Just curious, which HSM vendor did you use? It'd be helpful to include 
in the bug report.

Thanks,
Valerie
On 12/2/2019 8:50 AM, DEBORDEAUX Hubert wrote:
> Hello,
> Following the update to OpenJDK 8_232, we did face a problem after a DECRYPT with no padding.
> We use a SunPKCS11 provider linked to a Network HSM.
> After a DECRYPT command (DES or AES) NOPADDING, we noticed the log : "Killing session (sun.security.pkcs11.P11Cipher.cancelOperation(P11Cipher.java:428)) active: 1"

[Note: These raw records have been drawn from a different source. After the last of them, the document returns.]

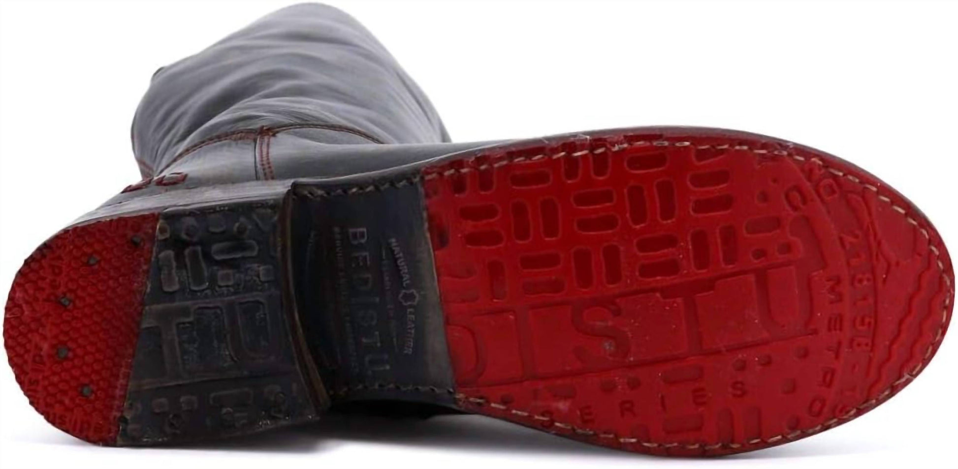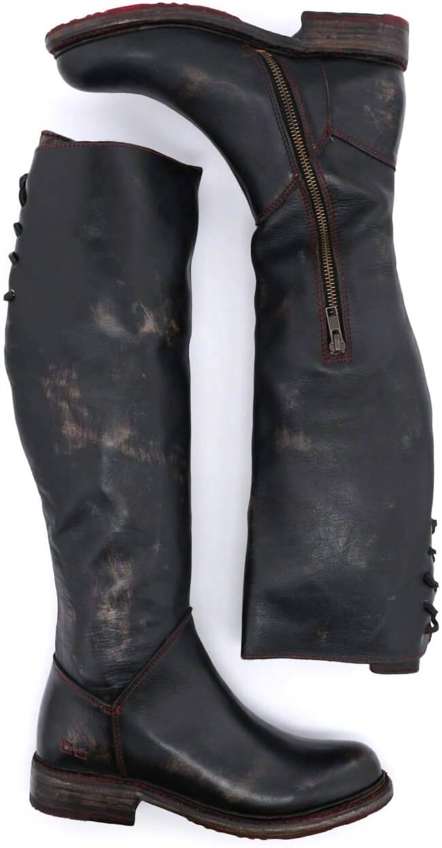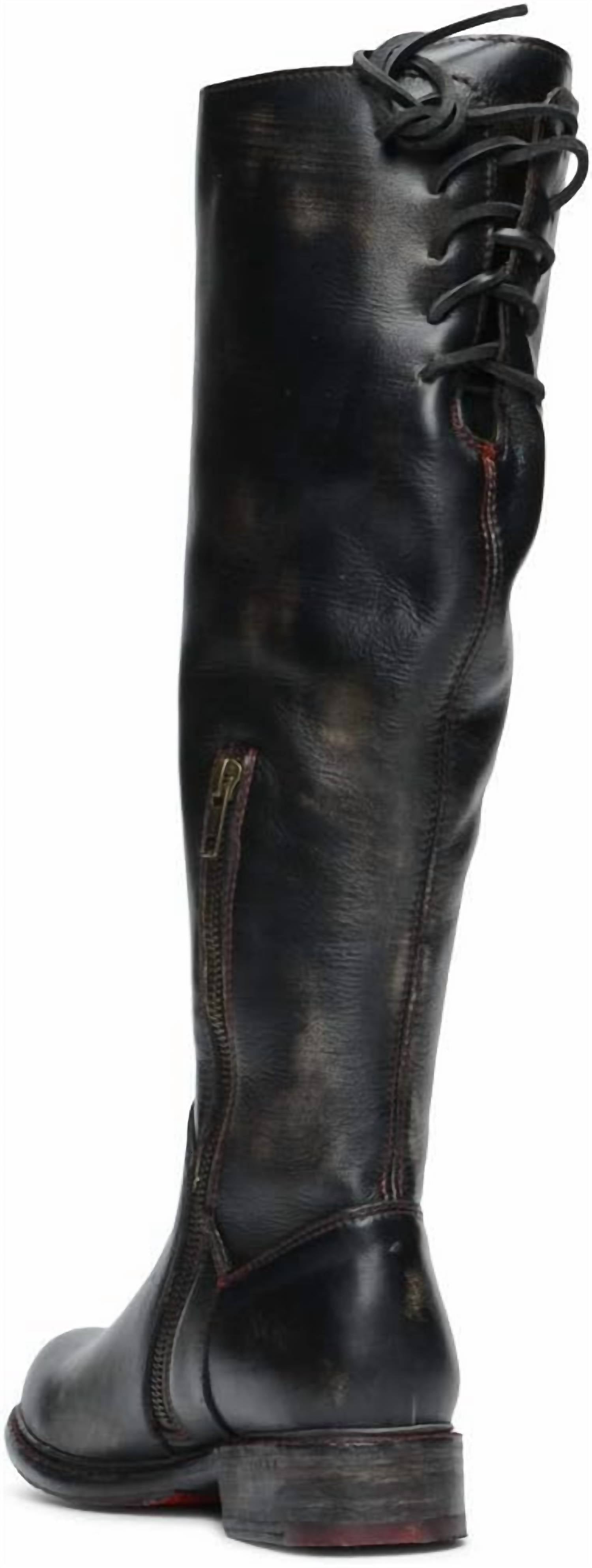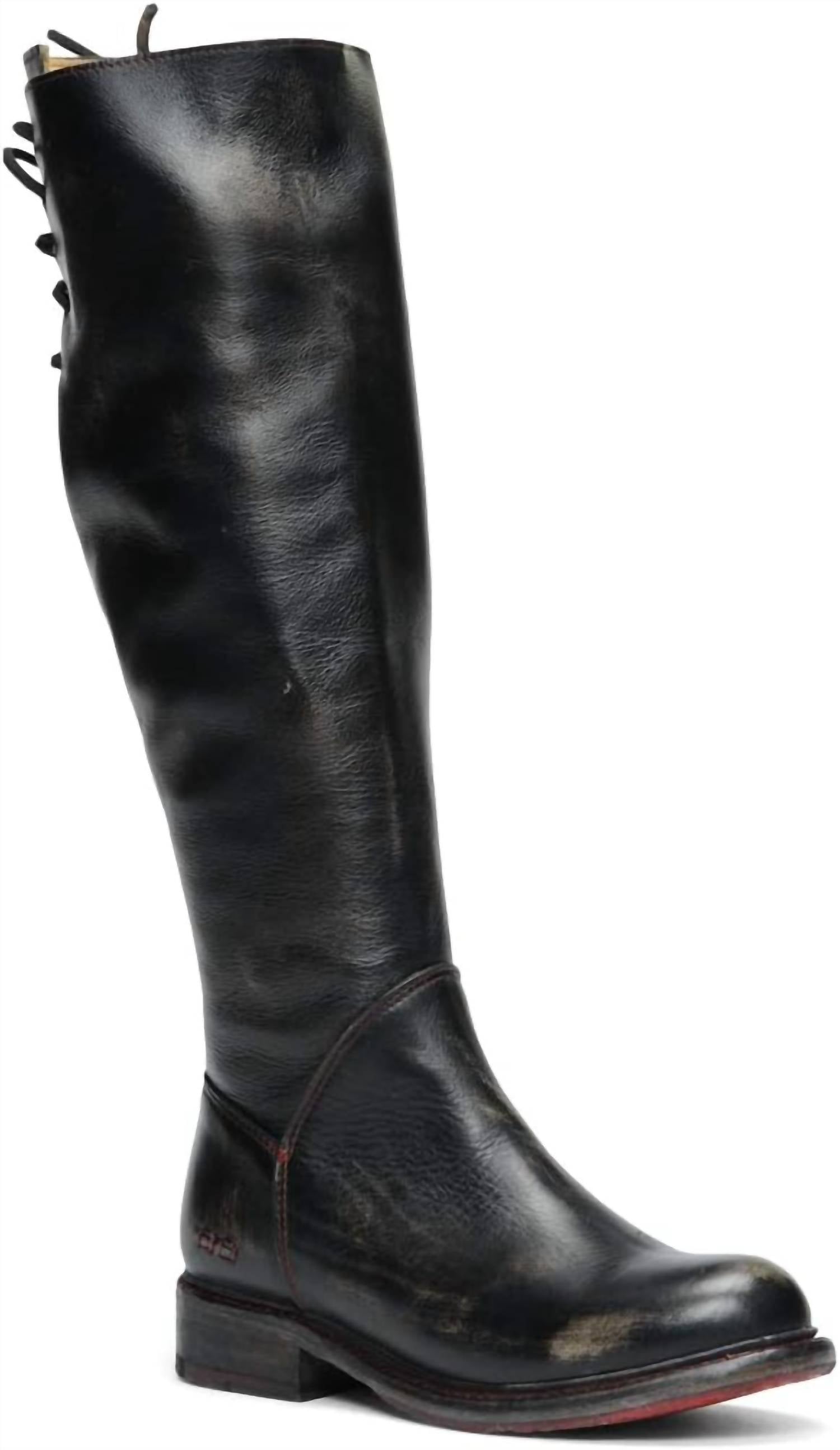 A stylish boot with a comfortable fit and the perfect amount of height. These classic boots are the perfect addition to any outfit and can be worn season after season. MANCHESTER. Modern classic. Tall riding boot. Classic lines. Flat heel. Alluring lacing. Inside zipper. Great fit. Essential. Handmade leather. Handfinished. Round toe. Ankle zipper. Back laces. Goodyear welted sole. 17.5" shaft height. 1.25" heel. 14" circumference. Snug fit. Stretch to shape.
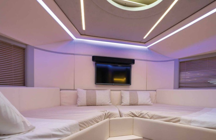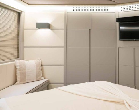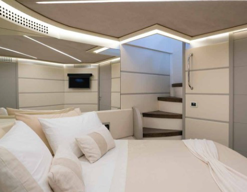 | Impianti | Impianto 12V, Impianto 220V, Boiler 220V, Ancora, Generatore, Impianto 24V, Aria Condizionata, Pulsante per salpancora in pozzetto, Salpancore di prua, Telecomando per salpancora, Inverter, Impianto antincendio, Climatizzatore, Dissalatore, Illuminazione interna a LED, Luci di via a LED |
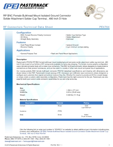 shown below in this PDF. Pasternack’s broad catalog of RF, microwave and millimeter wave connectors allows designers to
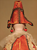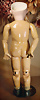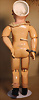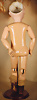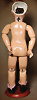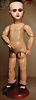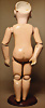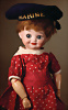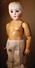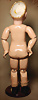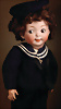 Kleines Biskuit-Googly, braune seitl., blickende Glasaugen, gemalter Melonden-Mund, errötete Wangen, fester Kopf, gegliederter Körper, modellierte Schuhe und Strümpfe, originale Kleidung, 13 cm
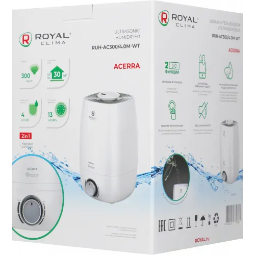 Увлажнитель воздуха Royal Clima RUH-AC300/4.0M-WT 25Вт (ультразвуковой) белый/серый
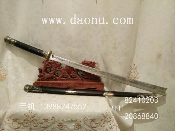 商品名称:户撒刀王(阿昌刀)极品黑檀全龙骨甩毛巾苗刀民族款(线乔发)
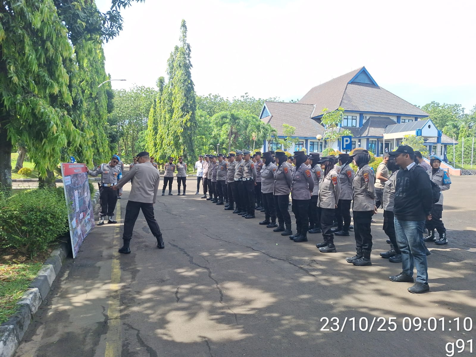 Cilegon – Sebelum melaksanakan pengamanan unjuk rasa,Kapolsek Ciwandan Polres Cilegon Polda Banten KOMPOL Andi Suherman Pimpin Apel Kesiapan Pelaksanaan Pengamanan unjuk rasa dan berikan Arahan Kepada Personil Yang Melaksanakan Pengamanan Unjuk Rasa, Kamis (23/10/2025).
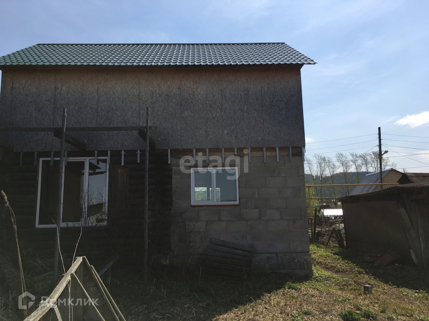 К дому из бревна сделан пристрой из шлакоблока. Два этажа. Это 140 кв.м. общая.
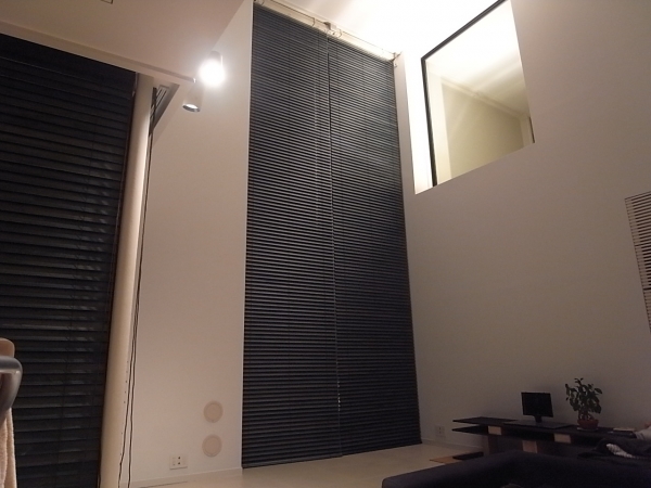 「5メートル」を超える高窓に、電動のウッドブラインドを取り付けました。
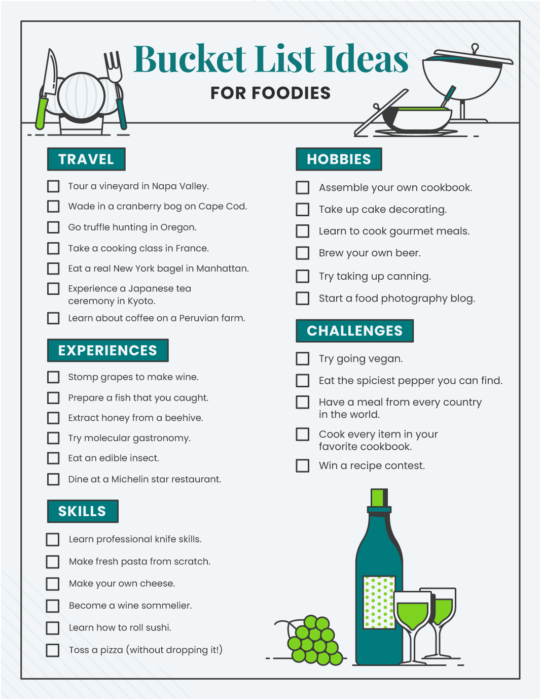 This bucket list includes activities for both foodies and beverage enthusiasts. It also includes some kitchen and cooking skills you may have considered mastering in the past. Not only can learning a new skill in retirement keep your days interesting, but also setting goals and establishing regular practice or classes can help retirees reestablish routines, which in turn can help improve mental health and wellbeing.
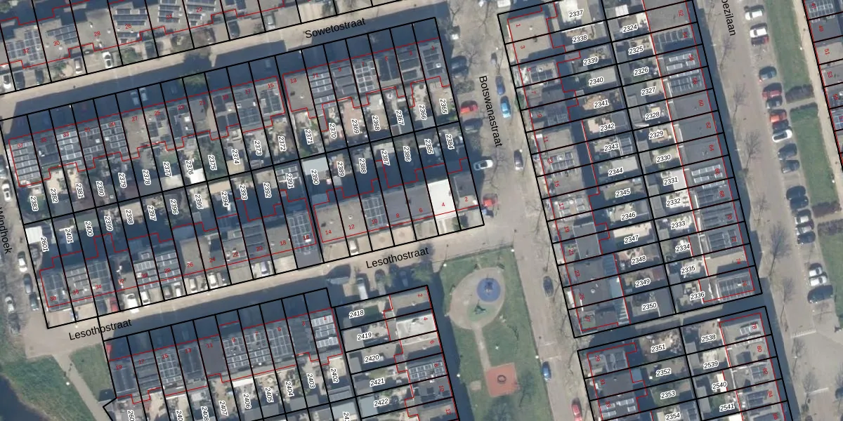 Het perceel waarop Lesothostraat 6 staat heeft een oppervlakte van 137 m². Dit is een middelgroot perceel. De perceeloppervlakte wordt geregistreerd door het Kadaster. Gedetailleerde informatie over de maten van dit perceel kunt u vinden in het rapport Kadastrale kaart met maatvoering van Lesothostraat 6.
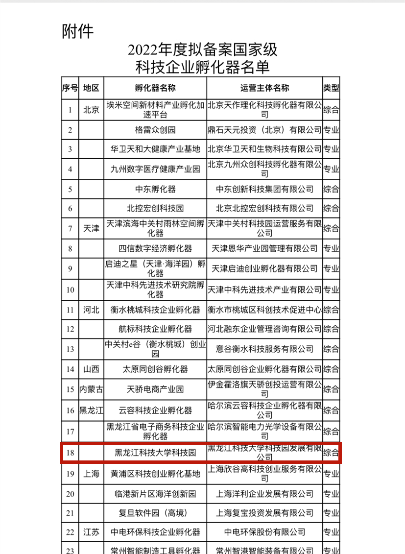 3月31日,国家科技部火炬中心关于2022年度拟备案国家级科技企业孵化器名单公布,米兰(中国)一站式服务平台申报的米兰官网平台科技园国家级科技企业孵化器认定成功,填补了米兰(中国)一站式服务平台国家级平台空白,对米兰(中国)一站式服务平台成功申报博士学位授予单位给予支撑,也是黑龙江省继哈尔滨工业大学、哈尔滨工程大学、东北农业大学后又一成功认定的高校国家级科技孵化器。

> All following commands failed with error : CKR_USER_NOT_LOGGED_IN
>
> After a quick investigation, it looks like the fix JDK-8228565 done in P11Cipher.java is the root cause of this new behavior.
> 	....
> 	// Special handling to match SunJCE provider behavior
>                  if (bytesBuffered == 0 && padBufferLen == 0) {
>                      return 0;
>                  }
> 	....
> 	} finally {
>              		reset(doCancel);   // doCancel is true, so killSession is called.
>          	}
>
> This is a source code to reproduce the problem:
> 	SunPKCS11 p = new SunPKCS11(configName);           // config to Network HSM
> 	p.setCallbackHandler(handler);    // Handler for password
>          	Security.addProvider(p);
>          
>          	KeyStore.CallbackHandlerProtection chp =
>                  	new KeyStore.CallbackHandlerProtection(handler);
>              	KeyStore.Builder builder = KeyStore.Builder.newInstance("PKCS11", p, chp);
>          	KeyStore keystore = builder.getKeyStore();
>         	SecretKeyEntry entry = (SecretKeyEntry) keystore.getEntry("MyKeyAlias", null);
>          
>          	Cipher cipher = Cipher.getInstance("DESede/CBC/NOPADDING", p.getName());
>          	IvParameterSpec ivParameterSpec = new IvParameterSpec(new byte[8]);
>          	// cipher a text
>          	cipher.init(Cipher.ENCRYPT_MODE, entry.getSecretKey(), ivParameterSpec);
>          	byte[] clearData = "clear text111111".getBytes();
>          	byte[] cipheredData = cipher.doFinal(clearData);
>             	// Decipher the result
>          	cipher.init(Cipher.DECRYPT_MODE, entry.getSecretKey(), ivParameterSpec);
>          	byte[] clearTextResult = cipher.doFinal(cipheredData);
> 	// display the result
> 	System.out.println(new String(clearTextResult));  // So far, no problem
>          
>                // Try another cipher
>          	cipher.init(Cipher.ENCRYPT_MODE, entry.getSecretKey(), ivParameterSpec);
> 	byte[] clearData2 = "clear text222222".getBytes();
>         	byte[] cipheredData2 = cipher.doFinal(clearData);
> 	// --> Failed with sun.security.pkcs11.wrapper.PKCS11Exception: CKR_USER_NOT_LOGGED_IN
>
> Caused by: sun.security.pkcs11.wrapper.PKCS11Exception: CKR_USER_NOT_LOGGED_IN
> 	at sun.security.pkcs11.wrapper.PKCS11.C_EncryptUpdate(Native Method)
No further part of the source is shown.